2 Total capitalization includes the outstanding debt balance plus total equity raised and issued, including operating partnership units, net of redemptions.
3 Net rent is based on (a) the contractual base rental payments assuming the lease requires the tenant to reimburse us for certain operating expenses or the property is self-managed by the tenant and the tenant is responsible for all, or substantially all, of the operating expenses; or (b) contractual rent payments less certain operating expenses that are our responsibility for the 12-month period subsequent to March 31, 2018 and includes assumptions that may not be indicative of the actual future performance of a property, including the assumption that the tenant will perform its obligations under its lease agreement during the next 12 months.

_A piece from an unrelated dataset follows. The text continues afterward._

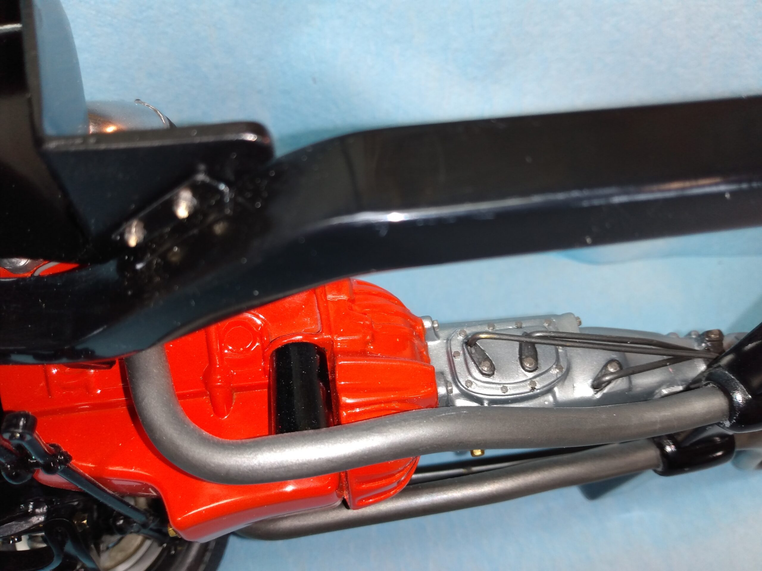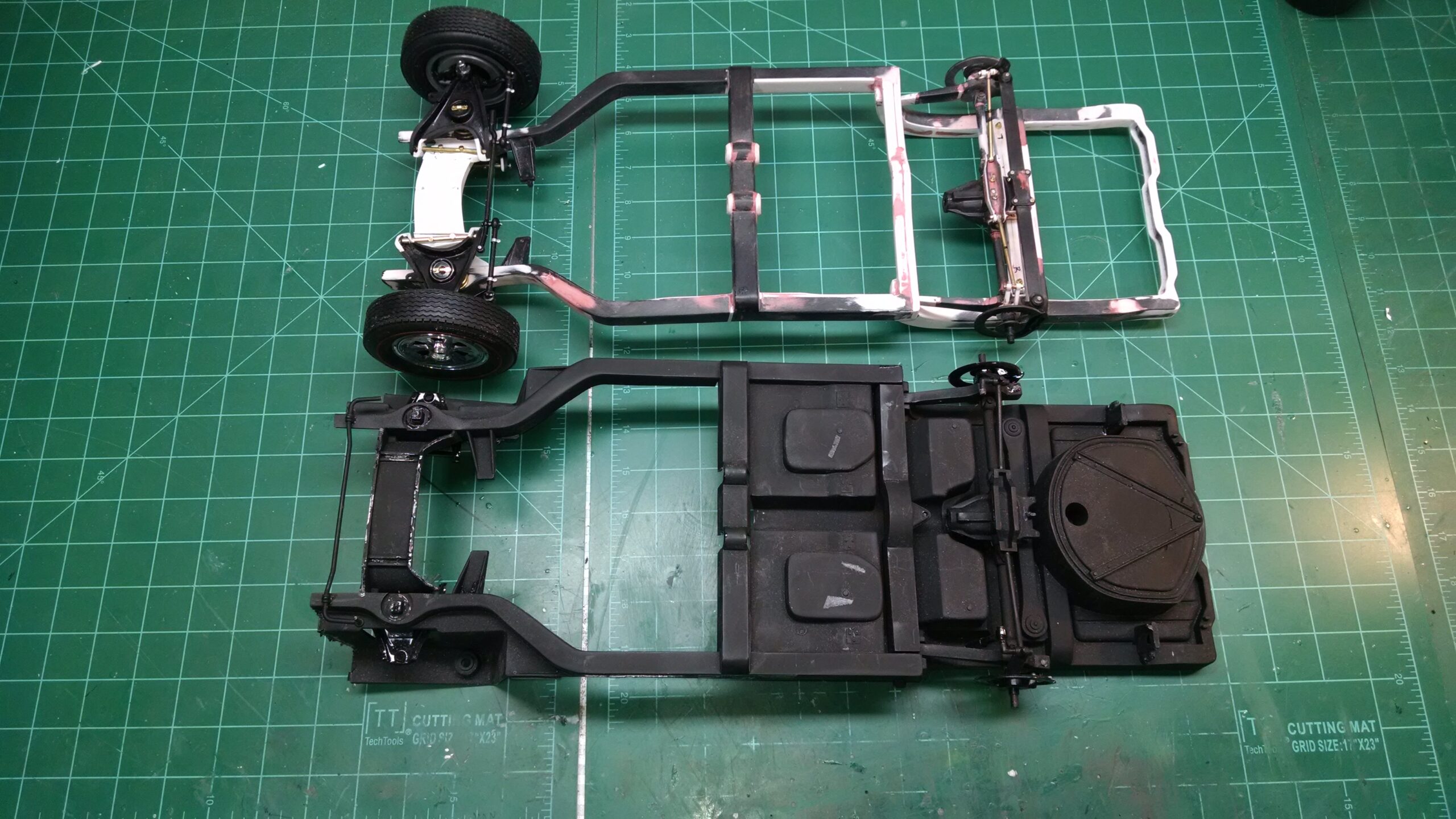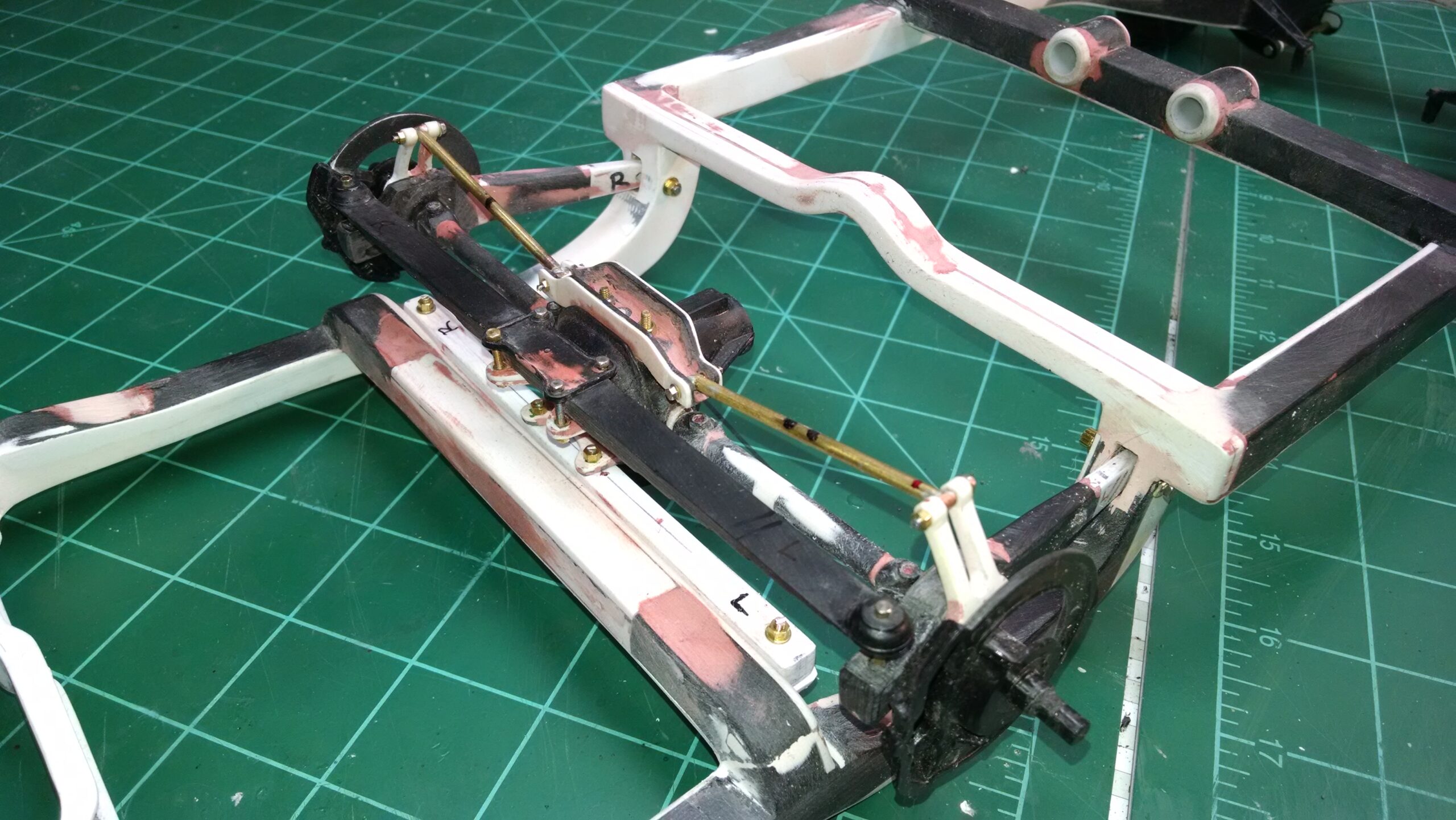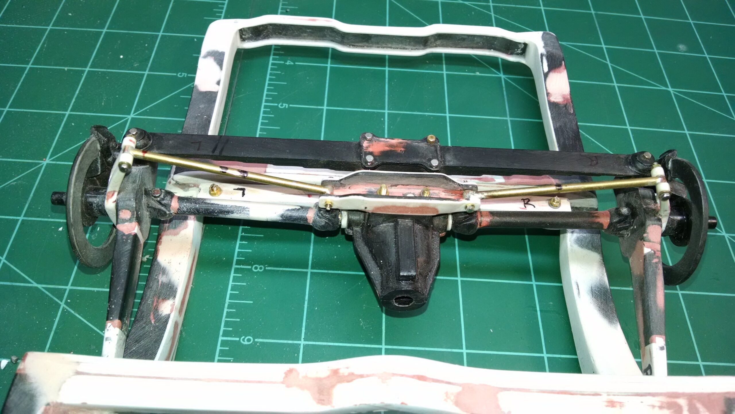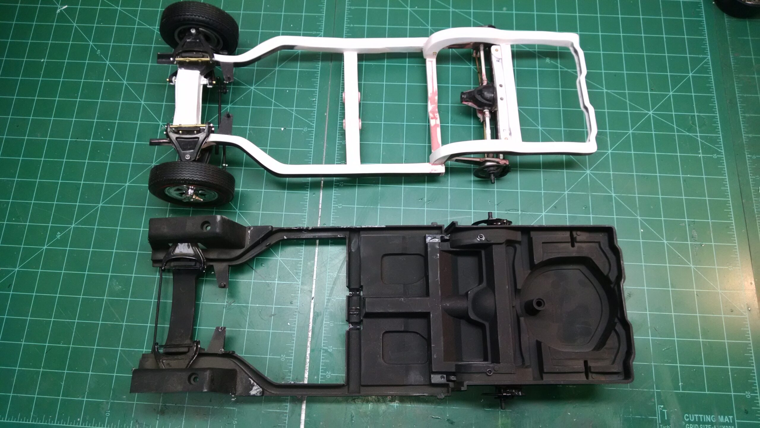 I've also been fascinated with the SCCA racecars. So, as I contemplated the necessary rebuild of my 1/8 scale 1965 Corvette model it became obvious to me what the theme should be. But, with minimal aftermarket running gear available, I knew that I had my work cut out to transform the platform-style frame and half-relief suspension of the original model into something that represented a real C2 racecar. Not shown are the steps taken to produce some realism into a the race theme: radio and heater deletes, filling in the rear-fascia exhaust body passthroughs, removal of the molded-in right seat. One of the biggest tasks was to remove, from the original platform frame unit, everything that does not exist in a C2 frame. My previous 1:1 experience, and several reference materials helped determine that path. Once completed, what I had left of the original platform required much fabrication to bring into being the basic frame foundation. Then on to the suspension fabrications and modifications, fuel tank fabrication (carved from a foam block and sealed), fuel and brake lines, battery and hold-down, engine detailing and radiator support. Detailing the cab into race trim proved to be tedious, but successful, with roll cage and racing harness, filling in the area of the removed seat with sheet plastic, and adding the removed lower cab details from the platform frame unit and grafting them onto the cab bucket, and then reshaping the drive tunnel. And, I purchased a very-rough set of scale American Torque-Thrust wheels, and converted them to true knockoff attachment to the hubs (I now observe that I did not remove the simulated lug-bolts in that conversion, which bothers me enough that I'll remedy that soon. Lots of work prepping those wheels since they were terrible resin-casts. MUCH work went into stripping the original body paint, then prepping, repainting, and polishing. I reached out to a custom decal maker for the race numbers and manufacturers race equipment decals (I tried to make them myself with decal paper and my ink-jet printer, only to create some real junk!).

4 Approximately 60.5% of our portfolio’s net rental revenue was generated by properties leased to tenants and/or guarantors or whose non-guarantor parent companies have investment grade ratings or what management believes are generally equivalent ratings. Of the 60.5% investment grade tenant ratings, 56.3% is from a Nationally Recognized Statistical Rating Organization (NRSRO) credit rating, with the remaining 4.3% being from a non-NRSRO, but having a rating that we believe is generally equivalent to an NRSRO investment grade rating. Bloomberg’s default risk rating is an example of a non-NRSRO rating.
5 FFO, as described by NAREIT, is adjusted for non-controlling interest distributions.